Publicacao/Comunicacao
Intimação - SENTENÇA
SENTENÇA
AUTOR: KRISBELY SILVA FERREIRA Advogado(s) do reclamante: DANNILO MESQUITA MORAES (OAB 10987-MA) Parte
requerida: EZEQUIAS RODRIGUES DIAS Advogado(s) do reclamado: ROSIVAN TORRES FERREIRA (OAB 8839-MA) A Excelentíssima Juíza de Direito, Dra. Mara Carneiro de Paula Pessoa, Titular da Comarca Guimarães, Estado do Maranhão, no uso de suas atribuições legais, FAZ SABER a todos que o presente virem ou dele conhecimento tiverem, que neste Juízo corre os trâmites legais da Ação PROCEDIMENTO COMUM CÍVEL (7), processo nº. 0800107-21.2019.8.10.0089, em que o(a) KRISBELY SILVA FERREIRA move em desfavor de EZEQUIAS RODRIGUES DIAS. FINALIDADE: Intimar a(s) parte(s) requerente(s) KRISBELY SILVA FERREIRA na pessoa do seu(ua) advogado(a), Dr(a).

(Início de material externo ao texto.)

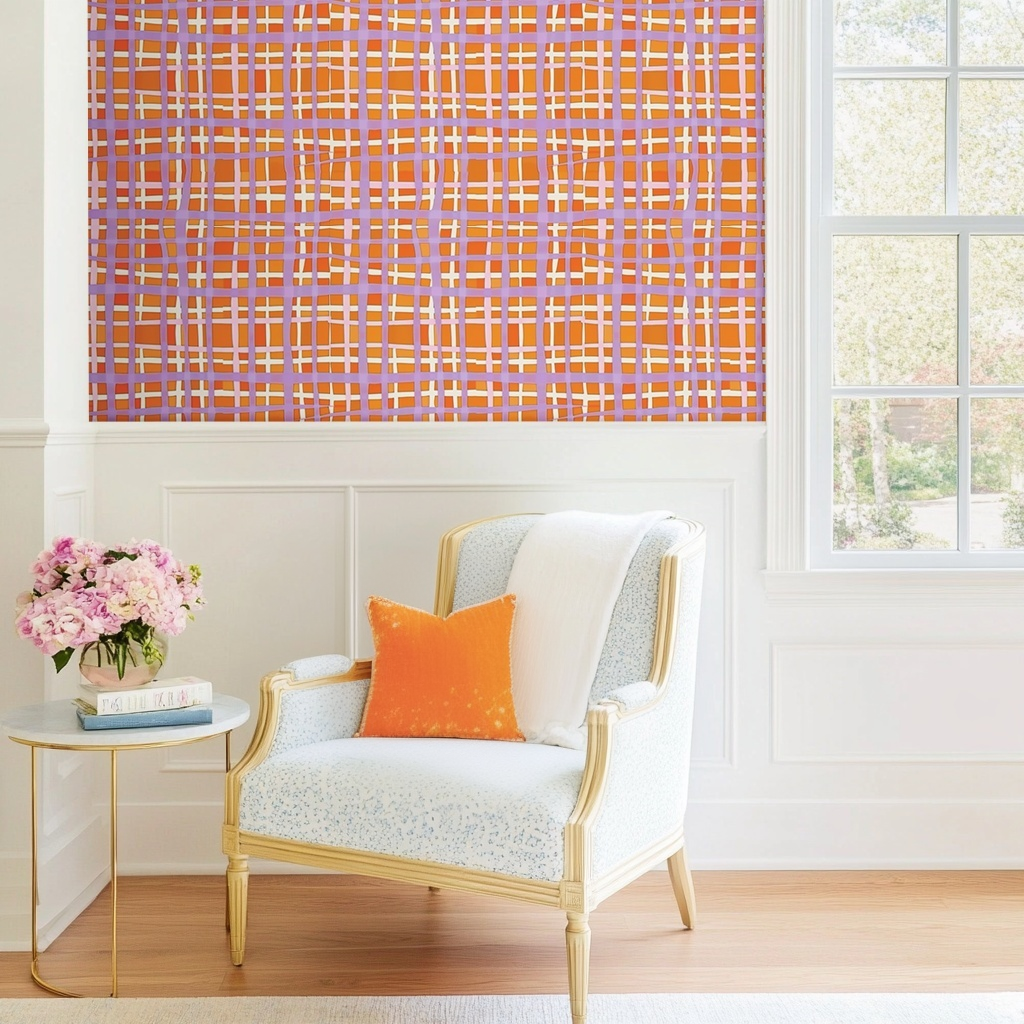 Slip into a summer state of mind with "Peachy Gridlock," where vibrant orange squares dance across a soft lavender backdrop. It's the ultimate blend of playful chaos and sweet, structured bliss for your space.

DANNILO MESQUITA MORAES (OAB 10987-MA) e a parte requerida, EZEQUIAS RODRIGUES DIAS, na pessoa do(s) seu(s) advogado(s) Dr. ROSIVAN TORRES FERREIRA (OAB 8839-MA), ficando, este(s), ciente(s) que a partir da publicação deste expediente, estará(ão) devidamente intimadas, do inteiro teor da SENTENÇA proferida por este Juízo (ID n.º 69735833), nos autos do processo em epígrafe, cujo teor segue: "SENTENÇA -
Intimação - Processo n.º 0800107-21.2019.8.10.0089 PROCEDIMENTO COMUM CÍVEL (7) - [Direito de Imagem]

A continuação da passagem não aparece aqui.